The final conclusion is that I'll use HMMER 3 with thresholds, it's because the calculation time is 200 times faster that HMMER 2 (Figure 1) and both retrive more or less the same number of domains for the main transcription factor families (Figure 2).

It's remarkable that HMMER 3 without thresholds is very much sensitive, detecting near the double number of domains than the rest of the techniques (Figure 1), but most of them are undesired domains that interfere with the identification of the important ones.

HMMER 2 results with and without thresholds are comparable (Figure 1), both of them detect most of the transcription factor domains (Figure 2), even a bit more than HMMER 3 with thresholds, without including spurious domains even without thresholds (Figure 1).

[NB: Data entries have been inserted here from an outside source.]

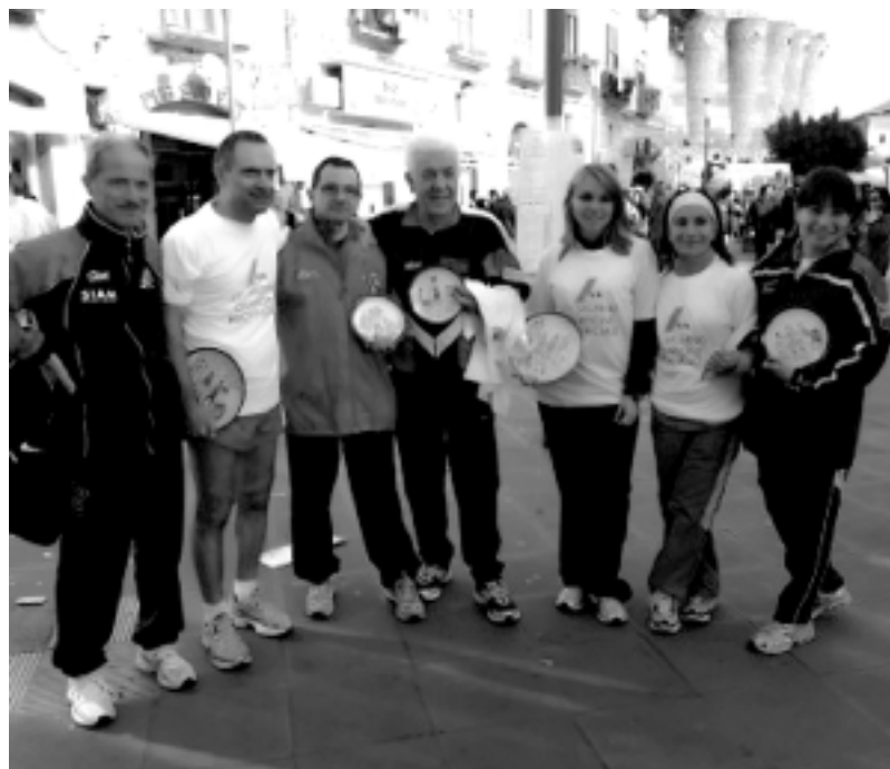
Un gruppo di atleti premiati.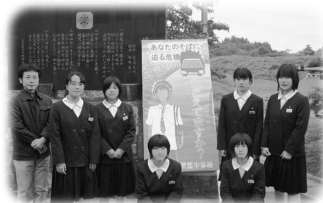
最優秀賞に選ばれた立看板と製作した須釜中の皆さん

子どもの成長を支援します 新生児誕生祝い金支給式 平成22年度上半期分の新生児誕生祝い金の支給式が10月13日、玉川村役場で行われ、10名の該当者に村長から祝い金が支給されました。 村では、第3子以降のお子さん誕生から出生を祝福し、出生児の健全な成長を願い祝い金を支給しています。 祝い金は第3子に10万円、第4子からは20万円が支給されます。 今回の該当者は、第3子が8人、第4子が2人でした。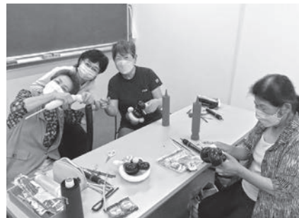
ボランティアの活動支援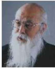
宇沢 弘文氏 経済学者 日本学士院会員 東京大学名誉教授

シカゴ大学教授、東京大学教授などを経て、現在、同志社大学社会的共通資本研究センター長、東京大学名誉教授、日本学士院会員、1983年文化功労者、1997年文化勲章受賞。著書：『経済学の考え方』（岩波書店）、『ヴェブレン』（岩波書店）、『経済学と人間の心』（東洋経済新報社）、『宇沢弘文著作集・新しい経済学を求めて（全12巻）』（岩波書店）ほか多数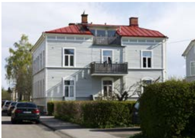
Vasagatan 6 tillhör de större träbyggnaderna i stadsdelen.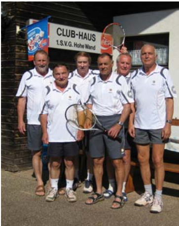
Das Seniorenteam 60+ in den neuen Tennisdressen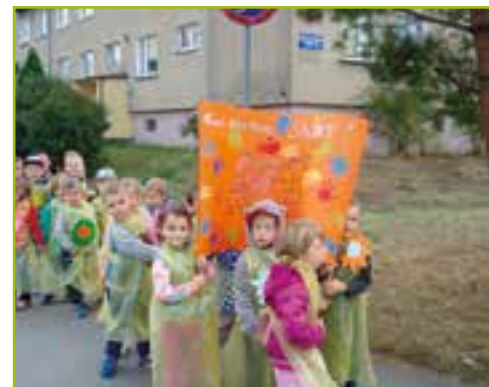
ZSP w Pustkowie Żurawskim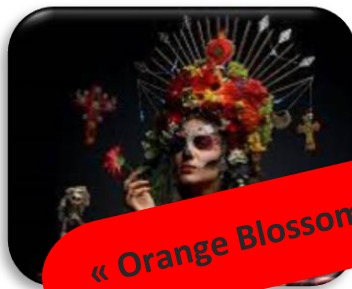
« Orange Blossom »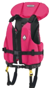
ライフジャケット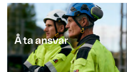
Å ta ansvar

Med driv og nysgjerrighet utfordrer vi etablerte sannheter. Vi leter alltid etter nye muligheter, mens vi lyser opp veien for andre.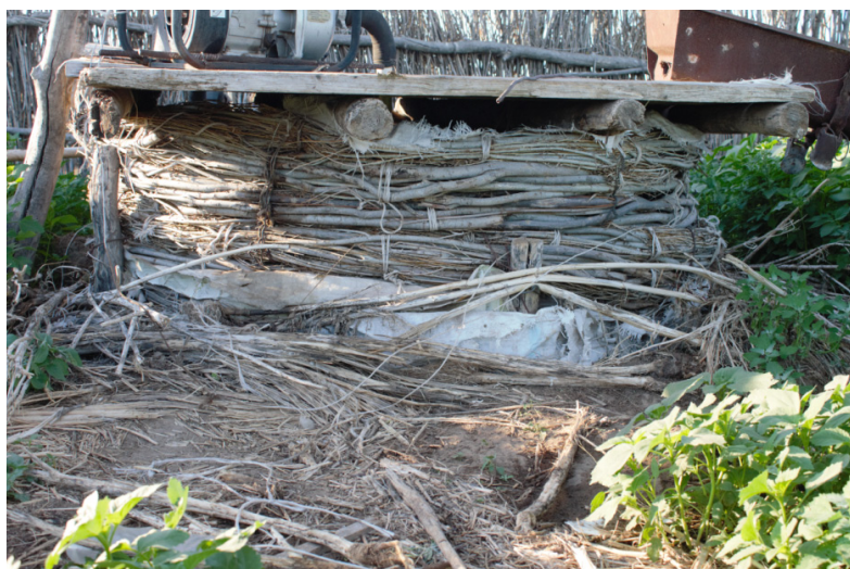
Минай тал құдығының үстіңгі қабырғасы қақпағымен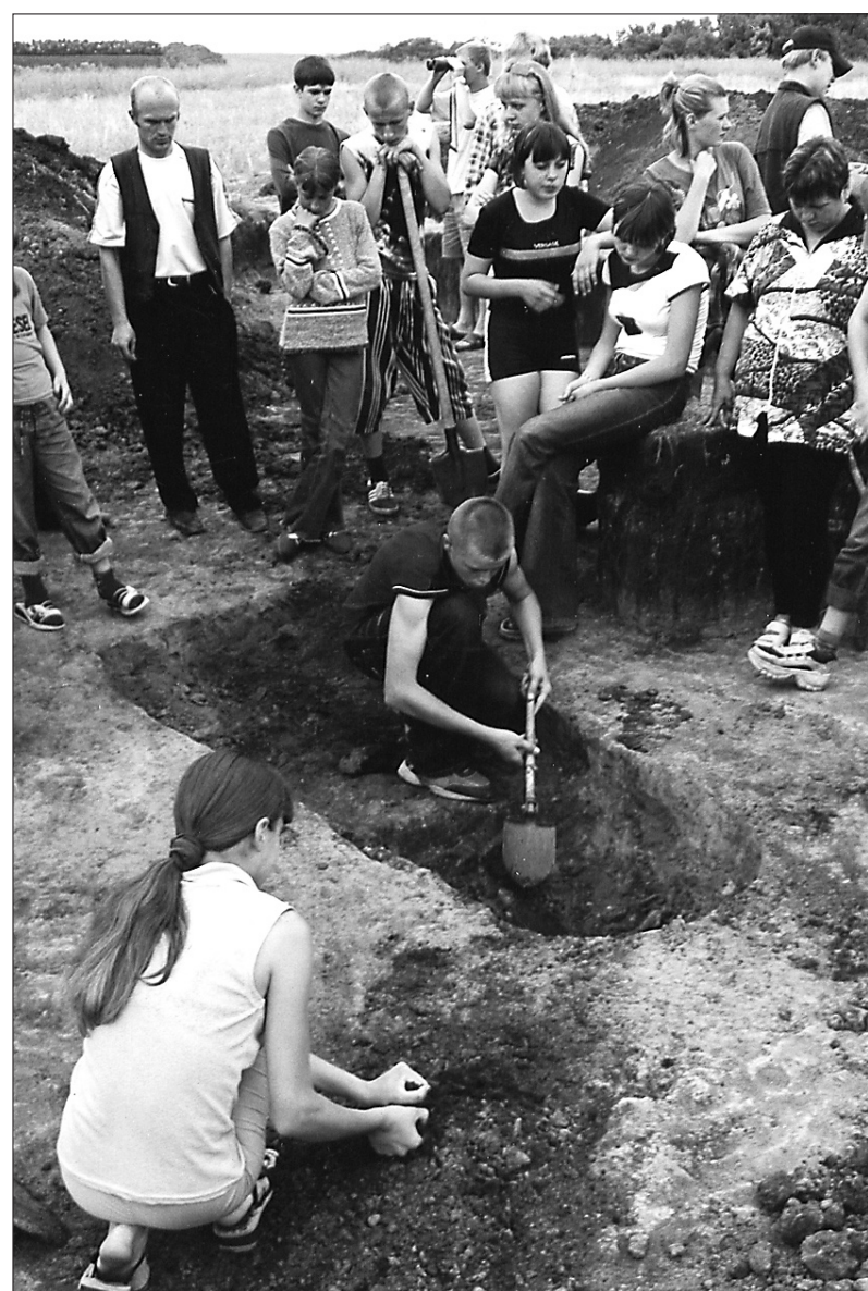
Юные археологи в «квадрате раскопа».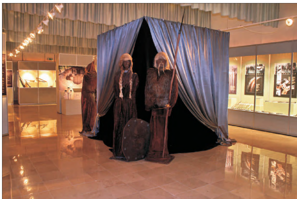
Fot.3. Fragment wystawy z postaciami manekinów stanowiącymi część jej plastycznej aranżacji.

A part of the exhibition consisting of mannequins - the component of the exposition arrangement.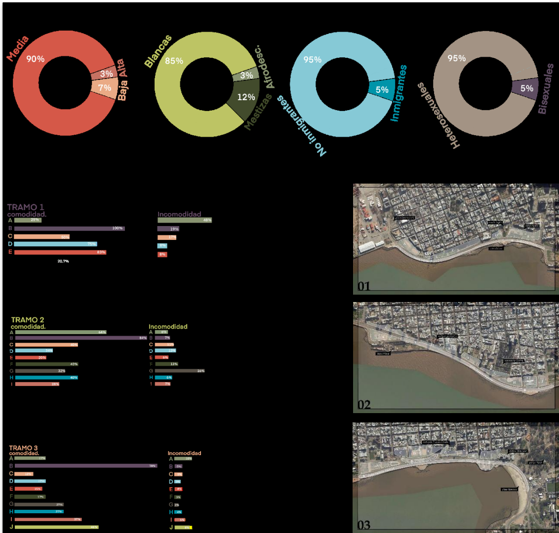
Figura 4. Resultados Encuesta Rambla Sur desde una perspectiva de género. Visión interseccional.

PfamScan detects less domains than the rest of the techniques (Figure 1), although it uses HMMER 3 internally, this is because it doesn't annotate overlapping domains, but also because it has very strict thresholds that in many cases fail to detect real transcription factor domains (Figure 2). We have noticed this problem in a particula recent study of the transcription factor YY1 (1UBD chain C), if we search in Pfam webserver its sequence (chain C) we obtain only 3 of the 4 real Zinc Finger domains, we must find the 4th Zinc Finger domain among the 'insignificant Pfam-A Matches'.

I hope these results help to decide to people like me dubbing among moving to HMMER 3, use PfamScan or continue using HMMER 2.

Figure 1. Statistics of several parameters with the 5 calculation methods.

Figure 2. Numer of retrieved domains for different transcription factor families with the different methods.